Start of Supplied data

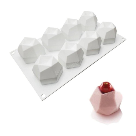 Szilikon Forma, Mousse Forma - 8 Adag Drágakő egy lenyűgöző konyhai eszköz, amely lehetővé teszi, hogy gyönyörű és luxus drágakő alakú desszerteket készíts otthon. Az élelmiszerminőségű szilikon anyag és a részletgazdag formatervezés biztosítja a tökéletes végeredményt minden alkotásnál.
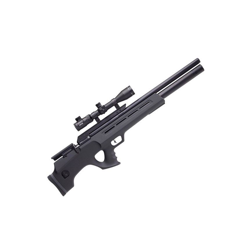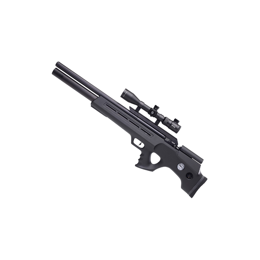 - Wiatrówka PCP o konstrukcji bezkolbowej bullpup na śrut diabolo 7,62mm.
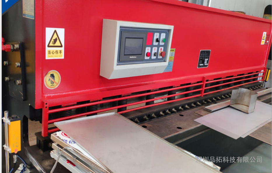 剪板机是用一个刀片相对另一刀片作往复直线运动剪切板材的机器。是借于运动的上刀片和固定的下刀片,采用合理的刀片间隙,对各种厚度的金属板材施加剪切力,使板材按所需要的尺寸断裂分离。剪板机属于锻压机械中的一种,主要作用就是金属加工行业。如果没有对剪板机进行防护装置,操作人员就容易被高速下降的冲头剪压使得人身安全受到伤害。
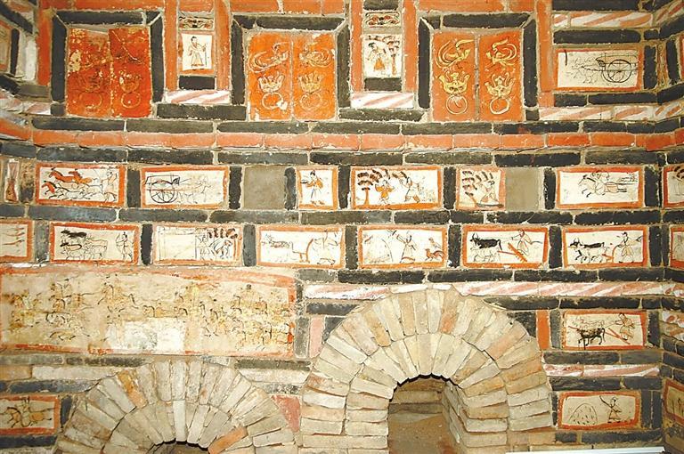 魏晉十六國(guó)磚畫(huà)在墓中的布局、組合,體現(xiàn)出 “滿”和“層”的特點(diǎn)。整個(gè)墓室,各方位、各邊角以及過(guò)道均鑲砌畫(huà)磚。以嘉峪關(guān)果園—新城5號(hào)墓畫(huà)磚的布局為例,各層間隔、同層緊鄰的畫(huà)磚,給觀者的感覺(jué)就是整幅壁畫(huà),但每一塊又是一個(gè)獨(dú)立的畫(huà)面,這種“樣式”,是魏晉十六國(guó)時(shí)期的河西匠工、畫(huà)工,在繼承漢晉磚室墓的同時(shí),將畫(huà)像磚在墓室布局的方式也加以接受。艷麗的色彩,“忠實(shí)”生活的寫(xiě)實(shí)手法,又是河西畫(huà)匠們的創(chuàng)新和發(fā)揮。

End of Supplied data

What you need to do: Pictures are not part of the copy. Restate everything else in the listing word for word.

Response:
 Szilikon Forma, Mousse Forma - 8 Adag Drágakő egy lenyűgöző konyhai eszköz, amely lehetővé teszi, hogy gyönyörű és luxus drágakő alakú desszerteket készíts otthon. Az élelmiszerminőségű szilikon anyag és a részletgazdag formatervezés biztosítja a tökéletes végeredményt minden alkotásnál.
 - Wiatrówka PCP o konstrukcji bezkolbowej bullpup na śrut diabolo 7,62mm.
 剪板机是用一个刀片相对另一刀片作往复直线运动剪切板材的机器。是借于运动的上刀片和固定的下刀片,采用合理的刀片间隙,对各种厚度的金属板材施加剪切力,使板材按所需要的尺寸断裂分离。剪板机属于锻压机械中的一种,主要作用就是金属加工行业。如果没有对剪板机进行防护装置,操作人员就容易被高速下降的冲头剪压使得人身安全受到伤害。
 魏晉十六國(guó)磚畫(huà)在墓中的布局、組合,體現(xiàn)出 “滿”和“層”的特點(diǎn)。整個(gè)墓室,各方位、各邊角以及過(guò)道均鑲砌畫(huà)磚。以嘉峪關(guān)果園—新城5號(hào)墓畫(huà)磚的布局為例,各層間隔、同層緊鄰的畫(huà)磚,給觀者的感覺(jué)就是整幅壁畫(huà),但每一塊又是一個(gè)獨(dú)立的畫(huà)面,這種“樣式”,是魏晉十六國(guó)時(shí)期的河西匠工、畫(huà)工,在繼承漢晉磚室墓的同時(shí),將畫(huà)像磚在墓室布局的方式也加以接受。艷麗的色彩,“忠實(shí)”生活的寫(xiě)實(shí)手法,又是河西畫(huà)匠們的創(chuàng)新和發(fā)揮。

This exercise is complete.